------ Supplied data

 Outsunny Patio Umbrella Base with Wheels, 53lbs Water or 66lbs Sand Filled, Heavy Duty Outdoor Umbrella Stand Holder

------------
------ Supplied data

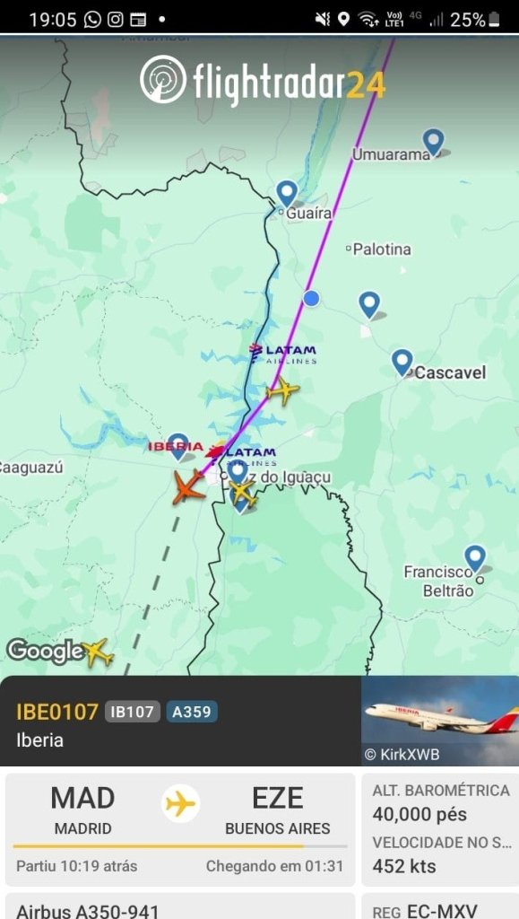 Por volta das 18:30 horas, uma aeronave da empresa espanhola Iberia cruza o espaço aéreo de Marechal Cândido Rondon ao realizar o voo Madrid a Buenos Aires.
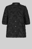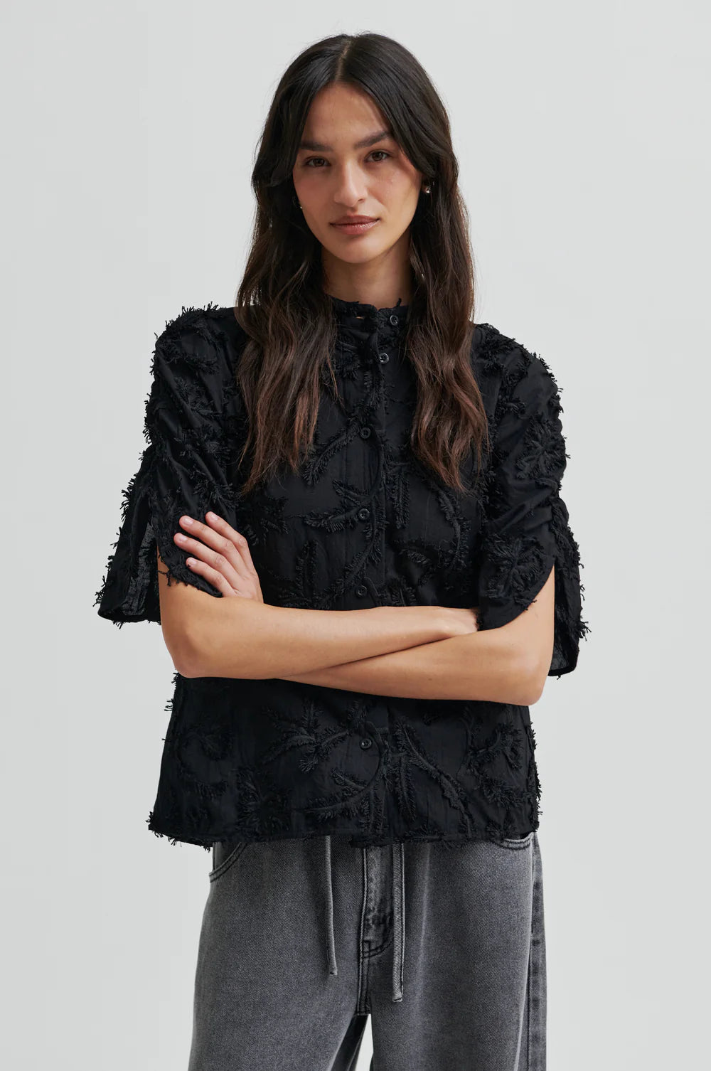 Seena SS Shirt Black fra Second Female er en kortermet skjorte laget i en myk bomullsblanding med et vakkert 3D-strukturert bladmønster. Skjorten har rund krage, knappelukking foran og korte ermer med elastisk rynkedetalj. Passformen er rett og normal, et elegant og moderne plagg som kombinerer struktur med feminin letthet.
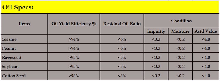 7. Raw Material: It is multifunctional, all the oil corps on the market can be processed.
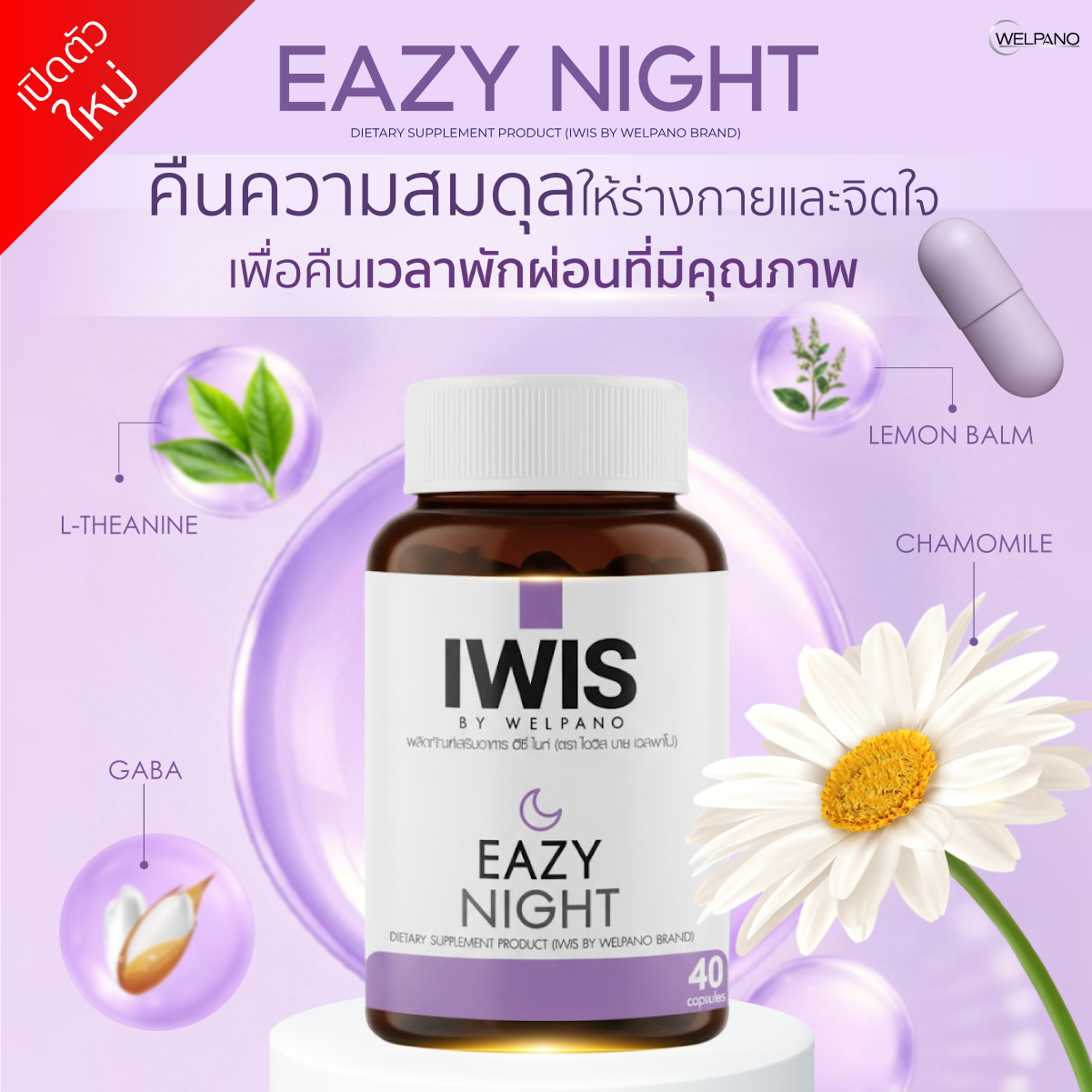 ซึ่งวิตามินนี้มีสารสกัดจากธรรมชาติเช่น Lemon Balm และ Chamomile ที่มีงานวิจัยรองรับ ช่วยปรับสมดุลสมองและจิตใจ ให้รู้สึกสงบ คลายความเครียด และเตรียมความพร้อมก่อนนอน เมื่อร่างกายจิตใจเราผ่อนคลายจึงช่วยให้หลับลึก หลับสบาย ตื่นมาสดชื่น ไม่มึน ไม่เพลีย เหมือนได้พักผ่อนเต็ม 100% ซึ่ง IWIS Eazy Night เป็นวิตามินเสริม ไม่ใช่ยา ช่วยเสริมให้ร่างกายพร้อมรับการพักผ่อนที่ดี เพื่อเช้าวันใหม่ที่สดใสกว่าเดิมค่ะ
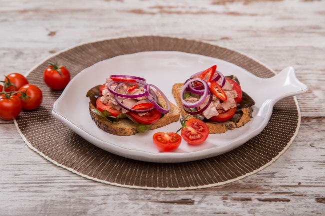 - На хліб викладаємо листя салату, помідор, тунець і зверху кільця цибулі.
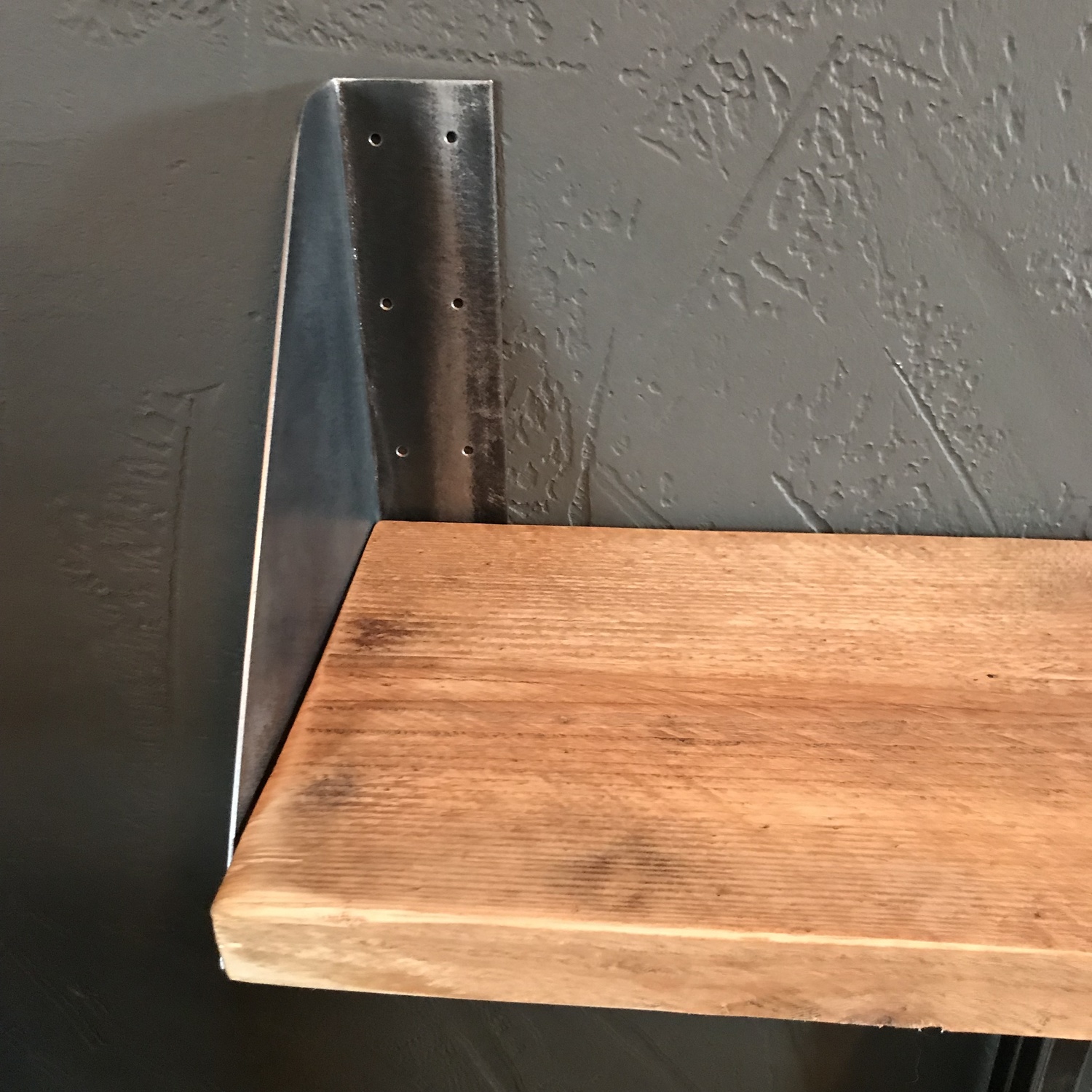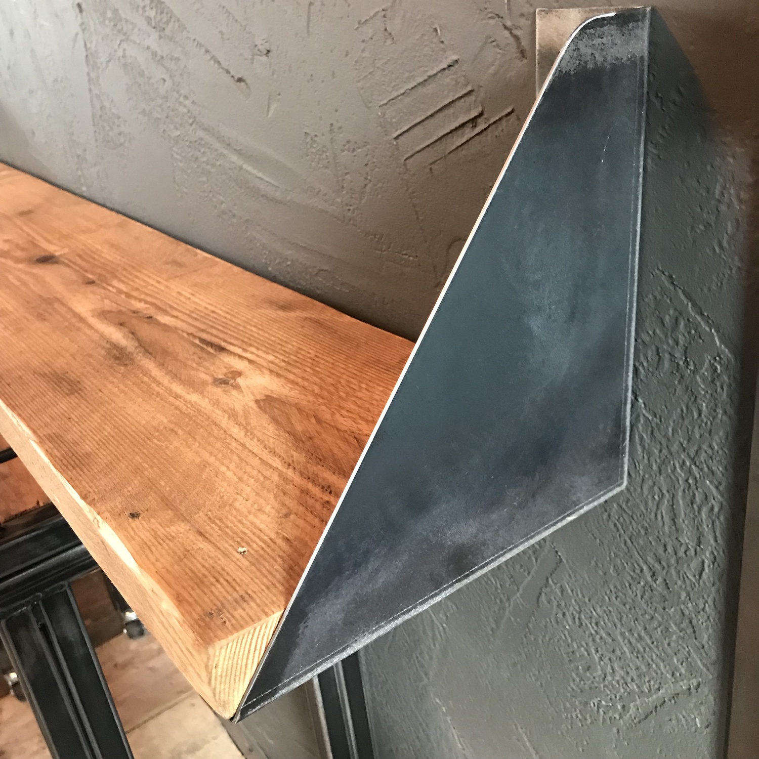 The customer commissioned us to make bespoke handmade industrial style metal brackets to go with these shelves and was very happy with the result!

------------
------ Supplied data

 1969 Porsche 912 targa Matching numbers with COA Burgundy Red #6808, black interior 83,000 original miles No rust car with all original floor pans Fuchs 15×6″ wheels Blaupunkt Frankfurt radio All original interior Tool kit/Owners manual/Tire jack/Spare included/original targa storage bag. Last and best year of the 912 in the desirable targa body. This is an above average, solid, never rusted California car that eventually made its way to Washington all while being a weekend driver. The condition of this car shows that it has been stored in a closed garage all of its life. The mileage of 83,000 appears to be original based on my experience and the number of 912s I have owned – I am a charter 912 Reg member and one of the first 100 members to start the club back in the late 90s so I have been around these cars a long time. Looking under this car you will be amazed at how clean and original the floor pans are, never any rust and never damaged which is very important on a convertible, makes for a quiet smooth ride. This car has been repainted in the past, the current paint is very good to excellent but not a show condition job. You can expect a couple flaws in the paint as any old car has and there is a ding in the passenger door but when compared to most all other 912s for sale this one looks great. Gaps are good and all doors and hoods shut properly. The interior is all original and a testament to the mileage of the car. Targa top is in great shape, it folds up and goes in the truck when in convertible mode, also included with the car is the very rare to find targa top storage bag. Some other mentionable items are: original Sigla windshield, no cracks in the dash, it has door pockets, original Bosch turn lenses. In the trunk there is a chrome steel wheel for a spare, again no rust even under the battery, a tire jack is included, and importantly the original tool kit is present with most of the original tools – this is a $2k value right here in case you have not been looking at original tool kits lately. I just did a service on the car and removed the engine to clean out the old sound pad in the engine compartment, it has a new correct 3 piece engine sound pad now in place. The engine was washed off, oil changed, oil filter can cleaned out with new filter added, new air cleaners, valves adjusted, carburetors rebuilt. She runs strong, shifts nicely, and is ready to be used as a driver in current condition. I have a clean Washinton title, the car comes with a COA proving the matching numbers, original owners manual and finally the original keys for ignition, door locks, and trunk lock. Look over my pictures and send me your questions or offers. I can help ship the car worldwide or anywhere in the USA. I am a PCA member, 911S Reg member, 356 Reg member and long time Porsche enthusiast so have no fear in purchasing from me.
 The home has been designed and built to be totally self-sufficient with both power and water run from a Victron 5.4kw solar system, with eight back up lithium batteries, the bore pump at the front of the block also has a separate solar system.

------------

Task to carry out | Go to the line above holding "7. Raw Material: It", then copy exactly each line down to and including the one holding "- На хліб викладаємо", leaving pictures out.

Exercise result |
 7. Raw Material: It is multifunctional, all the oil corps on the market can be processed.
 ซึ่งวิตามินนี้มีสารสกัดจากธรรมชาติเช่น Lemon Balm และ Chamomile ที่มีงานวิจัยรองรับ ช่วยปรับสมดุลสมองและจิตใจ ให้รู้สึกสงบ คลายความเครียด และเตรียมความพร้อมก่อนนอน เมื่อร่างกายจิตใจเราผ่อนคลายจึงช่วยให้หลับลึก หลับสบาย ตื่นมาสดชื่น ไม่มึน ไม่เพลีย เหมือนได้พักผ่อนเต็ม 100% ซึ่ง IWIS Eazy Night เป็นวิตามินเสริม ไม่ใช่ยา ช่วยเสริมให้ร่างกายพร้อมรับการพักผ่อนที่ดี เพื่อเช้าวันใหม่ที่สดใสกว่าเดิมค่ะ
 - На хліб викладаємо листя салату, помідор, тунець і зверху кільця цибулі.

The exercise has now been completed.